Le mois dernier, des diplomates des médiateurs au Moyen-Orient, l’Égypte, le Qatar et la Turquie, ont déclaré au Times of Israel que le Hamas avait tenté de retarder les négociations sur le désarmement. Ils estiment également que le refus d’Israël de respecter les termes de la première phase du cessez-le-feu à Gaza d’octobre 2025 a également créé un obstacle majeur.
Tout en ripostant contre les terroristes dans la bande de Gaza, les Forces de défense israéliennes ont progressivement repoussé les limites de la zone sous leur contrôle, affirmant qu’elles contrôlent désormais au moins 60 pour cent de la bande, et non les 53 pour cent qu’elles détenaient après la levée du cessez-le-feu le premier jour de la trêve. Netanyahu a déclaré le mois dernier qu’il avait ordonné à l’armée de reconquérir un territoire supplémentaire, soit 70 % de l’enclave.
Dans les zones non contrôlées par Israël, le Hamas reste le gouvernement de facto, maintenant son contrôle en exécutant les opposants et ceux considérés comme une menace pour son pouvoir.

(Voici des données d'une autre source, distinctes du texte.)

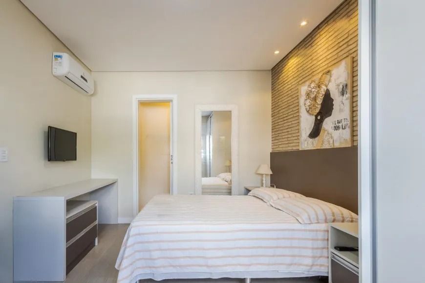 Os acabamentos valorizam ainda mais o imóvel, com escada em granito, corrimãos em aço inox e iluminação em LED em todos os ambientes. Permanecem cinco aparelhos de ar-condicionado split, além de água quente em toda a residência. As duas vagas de garagem são cobertas e lado a lado, garantindo praticidade no dia a dia.
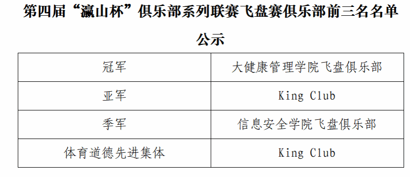 根据《完满教育委员会竞技体育学年重点工作计划》,竞技体育中心于2025年6月6日在校运动场举办的第四届“瀛山杯”俱乐部系列联赛飞盘赛现已完满收官,现将本次比赛的俱乐部的前三名进行公示。名单如下。
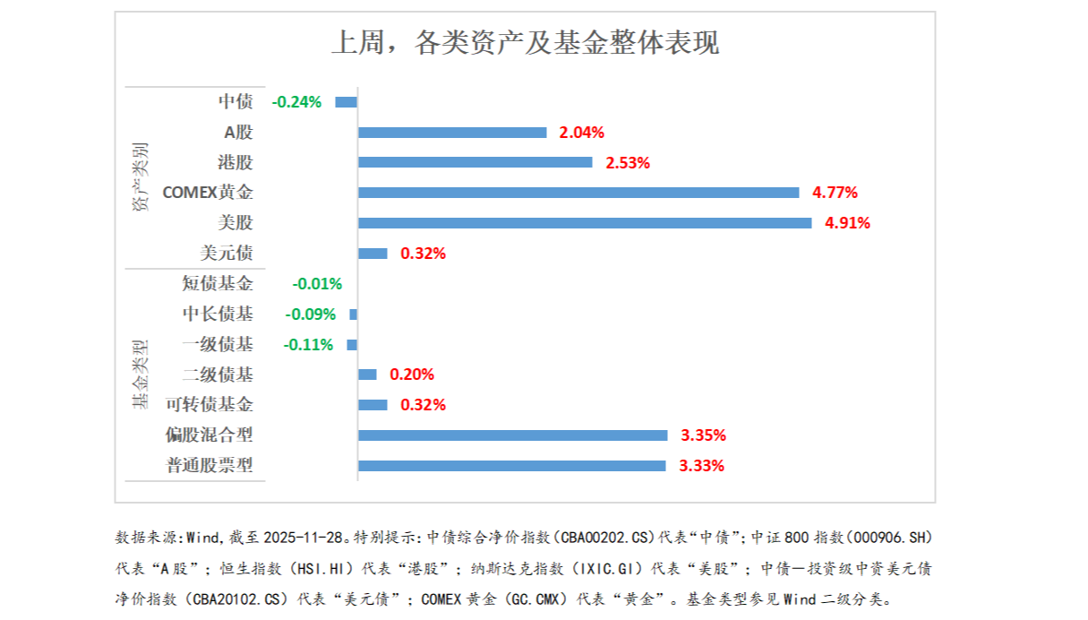 资产方面, 中债(-0.24%)下跌,A股(2.04%)、港股(2.53%)、黄金(4.77%)、美股(4.91%)、美债(0.32%)均上涨。
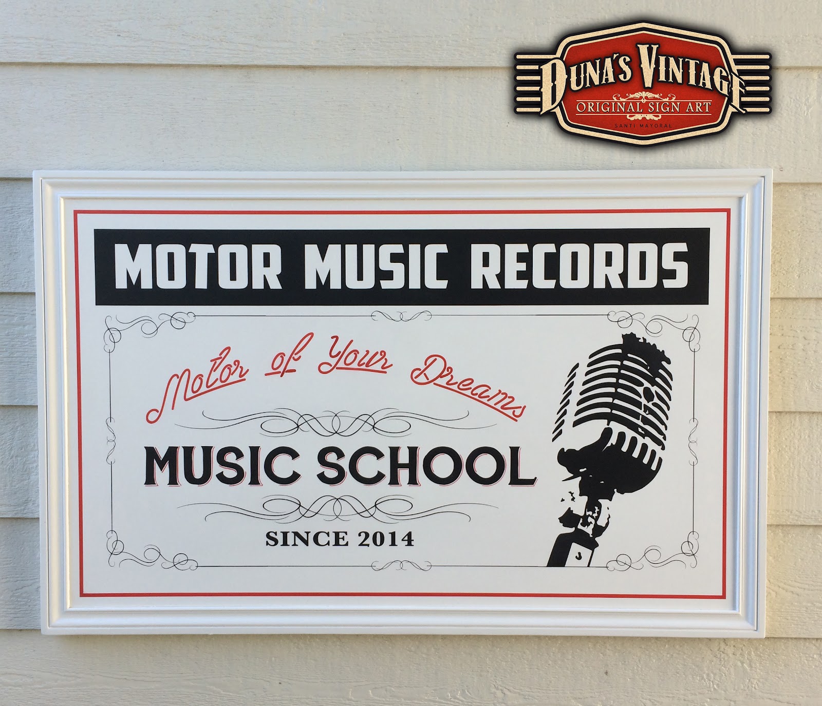 Cartel y pizarra a dos caras para Motor Music Récords, el
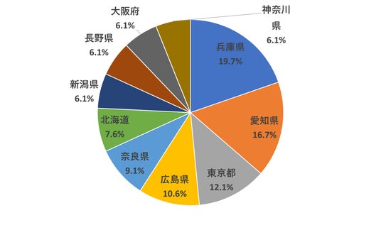 兵庫県、愛知県、東京都、広島県と大都市圏の都道府県が上位にランクインしています。
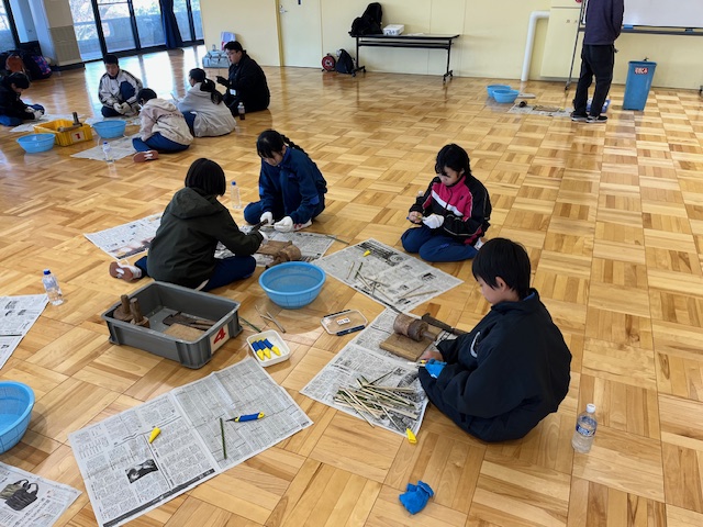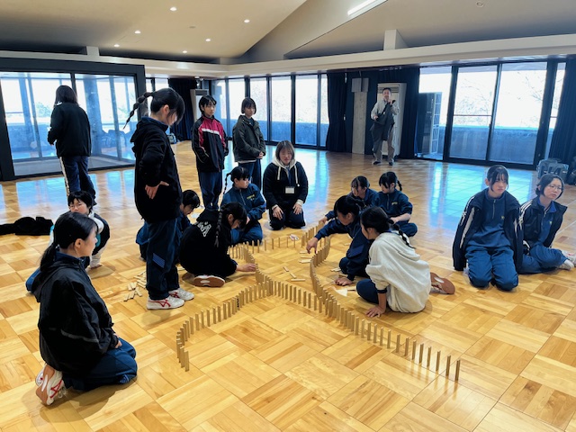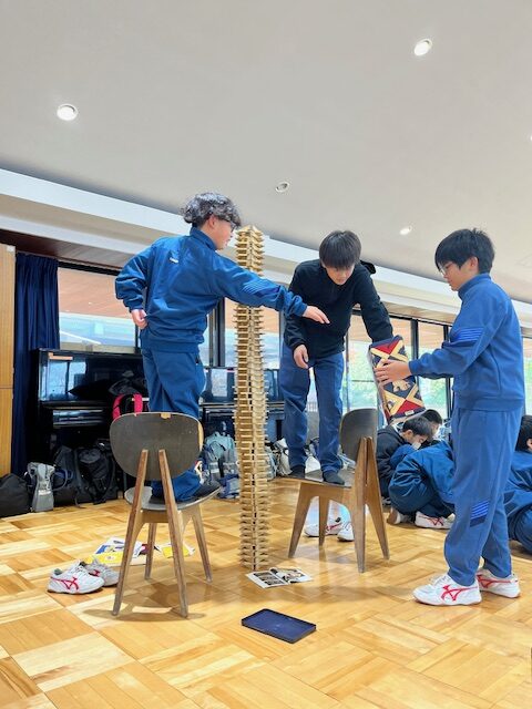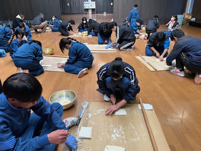 五色台集団宿泊学習3日目、朝食を食べた後、うどん作りを行いました。かまど・調理班、うどんつくり班、竹箸班に分かれ、それぞれ活動しました。またカプラを使用してドミノ倒しをしたり高さを競って遊んだりしました。この後、フェリーに乗船します。高松港15:10発のフェリーに乗り、16:10頃に土庄港に着く予定です。お迎えに来られる際はお気をつけてお越し下さい。
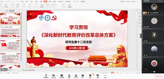 2020年11月9日晚21时15分,材料科学与工程学院研究生第十二党支部在腾讯会议组织支部党员学习讨论由中共中央、国务院印发的《深化新时代教育评价改革总体方案》(以下简称《方案》),本次学习活动由支部书记尹佳宁同志主持。
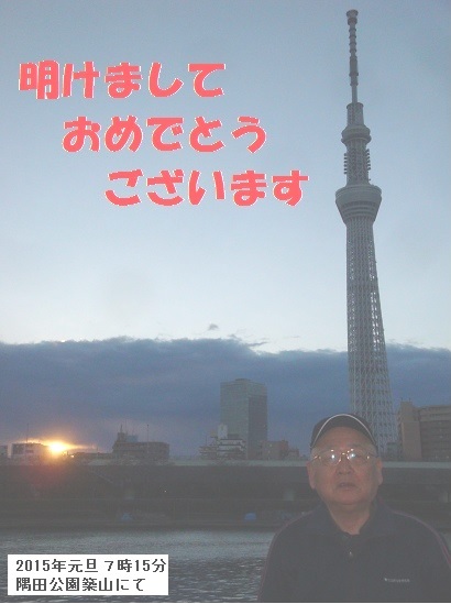 今朝は6時半から隅田川縁(べり)に出てみました。初日の出を見るつもりでしたが、地平近くは黒い雲に覆われて、ちらりと見えただけでした。
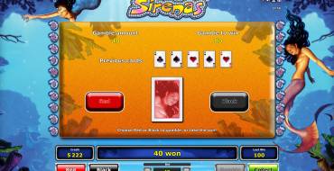 Sirenas – аппарат с пятью барабанами, десятью фиксированными линиями и пятнадцатью картинками на главном экране. Ставки по активным полосам всегда равны. На раунд принимается до десяти тысяч кредитов, но лучше уточнять диапазон непосредственно в интернет-казино. В слоте доступны разные виды простых и особых символов, игра на удвоение, бесплатные вращения, тематические бонусы и другие опции, рассматриваемые далее. Стандартные картинки формируют выигрышные цепочки на задействованных полосах слева направо. Для их образования нужны несколько одинаковых элементов, которые должны расположиться рядом друг с другом. Если комбинация полностью входит в состав более длинной последовательности, она не оплачивается. Выигрыши рассчитываются по ставке на линию и коэффициенту полученной цепочки. Он бывает в Sirenas от х5 до х5000. Эти величины перемножаются, а если комбинаций несколько, кредиты суммируются. Есть игра по равным шансам, в которой нужно угадать цвет карты, чтобы выплата удвоилась. Клиенты принимаются в ней участие по своему желанию. Подряд можно играть до определенного лимита, но при ошибке деньги уходят в казино. Об исключениях из общих положений и призах читайте в следующих разделах.
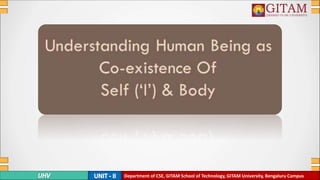 The document repeatedly lists the Department of CSE, GITAM School of Technology, GITAM University, Bengaluru Campus. It also contains a brief statement about living in harmony with others and trying to live peacefully with ourselves and those around us.
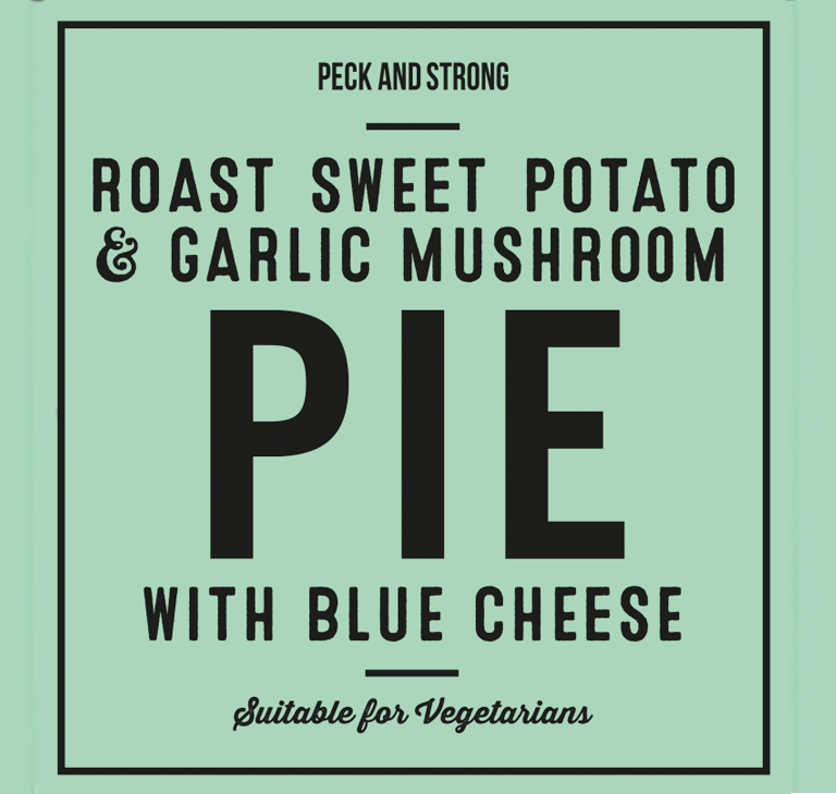 Wheat Flour (Wheat Flour, Calcium Carbonate, Iron, Niacin, Thiamin), Sweet Potatoes (24%), Mushrooms (24%), Pure Vegetable Margarine (Certified Sustainable Palm Oil, Rapeseed Oil, Salt), Water, Cropwell Bishop Blue Stilton Cheese (5%) (Milk), Free Range Eggs, Sunflower Oil, Salt, Garlic (0.2%), Black Pepper.

Le porte-parole du Hamas, Hazem Kassem, a déclaré à l’AFP que “le Hamas a franchi une nouvelle étape pour mettre fin à son contrôle sur la bande de Gaza afin de supprimer le prétexte d’occupation, qui poursuit sa guerre d’agression et d’extermination”.

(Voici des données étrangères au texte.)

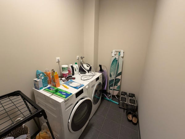 De keuken is volledig uitgerust met vaatwasser, oven, koelkast, diepvries & afzuiging. Ook is er een wasmachine & droger aanwezig in de woning.
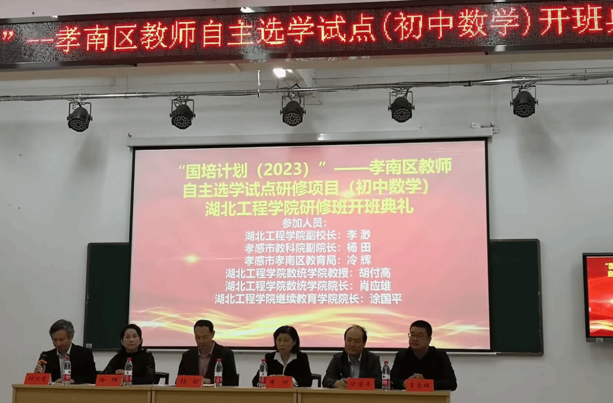 2023年11月1日上午,国培计划(2023)”——孝南区教师自主选学试点研修项目(初中数学)在永利集团3044noc登录入口隆重开班。永利集团3044noc登录入口副校长李渺、孝感市教科院副院长杨田、孝南区教育局冷辉、继续教育永利集团3044noc登录入口院长涂国平、永利集团3044noc登录入口院长肖应雄出席典礼。项目负责人胡付高教授主持典礼。来自孝感市孝南区各中学的100名数学骨干教师参加了开班典礼。
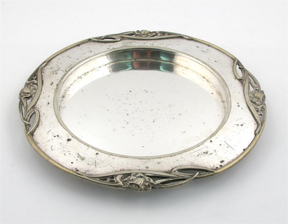 A William Hutton & Son Art Nouveau electroplated tray the rim cast with pierced foliate panels
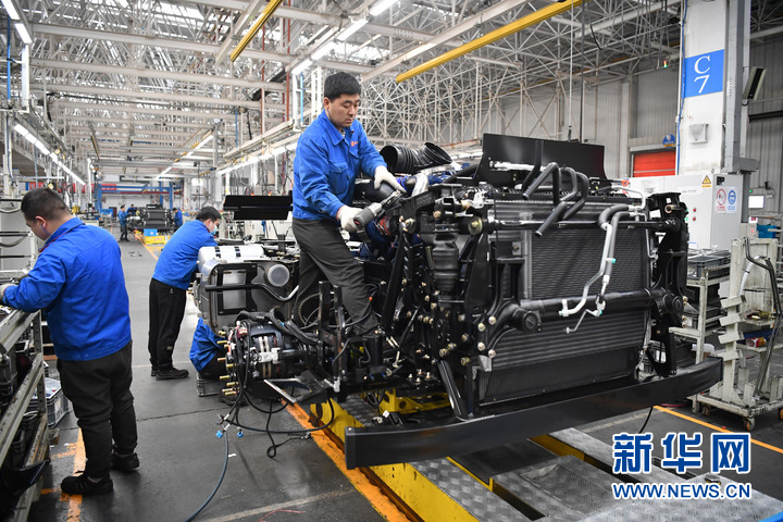 新華網西安2月23日電(史夢 張思思)工業(yè)機器人揮舞長臂,工人在生產線上緊張忙碌。在位于西安經開區(qū)涇渭新城的陜汽控股集團,總裝車間正馬力全開,每6分鐘就有一輛整車從這里下線。

“Nous espérons que le Comité national pour l’administration de Gaza interviendra rapidement et nous confirmons que nous sommes prêts à confier les responsabilités du gouvernement au comité afin que le Hamas puisse réussir.”

Un responsable du Hamas avait déclaré plus tôt à l’AFP que le groupe avait déjà informé d’autres factions palestiniennes de sa décision lors d’une récente réunion au Caire.
“Les factions ont salué la décision du Hamas et l’ont interprétée comme une mesure sérieuse permettant au Comité national d’exercer son rôle de leadership”, a déclaré le responsable.
Le NCAG est stationné à l’extérieur de Gaza depuis plusieurs mois en raison de l’opposition d’Israël à l’accès à ce territoire déchiré par la guerre.
Le Hamas et d’autres factions palestiniennes ont tenu plusieurs séries de négociations avec des médiateurs au Caire, réduisant notamment leurs divergences sur la deuxième phase du cessez-le-feu à Gaza.
La première phase impliquait la libération des derniers Israéliens retenus en otage par le Hamas et l’échange de prisonniers de sécurité palestiniens détenus par Israël.
La transition vers une deuxième phase, au cours de laquelle le Hamas désarmera et retirera progressivement les troupes israéliennes de Gaza, est au point mort depuis des mois. Selon le plan de Trump, Israël ne se retirera complètement qu’après la confirmation finale du désarmement des groupes terroristes de la bande de Gaza.
Dans le même temps, le Hamas exige la création d’une Autorité palestinienne avant de discuter de la remise de ses armes.

La question de la gouvernance d’après-guerre à Gaza reste l’un des principaux obstacles aux négociations pour la deuxième phase.
Israël nie un retour au pouvoir du Hamas, mais a exclu une prise de contrôle pure et simple de l’Autorité palestinienne basée à Ramallah, l’accusant de soutenir le terrorisme.
Le 7 octobre 2023, Israël a lancé une guerre contre Gaza après que le Hamas a attaqué le sud d’Israël, tuant près de 1 200 personnes et prenant 251 otages.
Malgré un cessez-le-feu en octobre, Israël continue d’attaquer les groupes terroristes qui menacent les forces israéliennes dans plus de la moitié de la bande contrôlée par les forces armées israéliennes.
L’armée a déclaré lundi que les frappes aériennes menées ce week-end dans le nord de la bande de Gaza avaient ciblé cinq membres du Hamas qui tentaient de restaurer un système de tunnels.
Selon Tsahal, le tunnel est situé à l’ouest de la Ligne jaune, en territoire contrôlé par le Hamas.
Hudhaifa Hussein Abdullah al-Khawajr, membre de la Force Nuhba du bataillon de Jabalia Est du Hamas, a été tué lors de l’attaque de samedi, a indiqué l’armée. Quatre autres travailleurs ont été touchés par la grève, mais leurs conditions sont inconnues.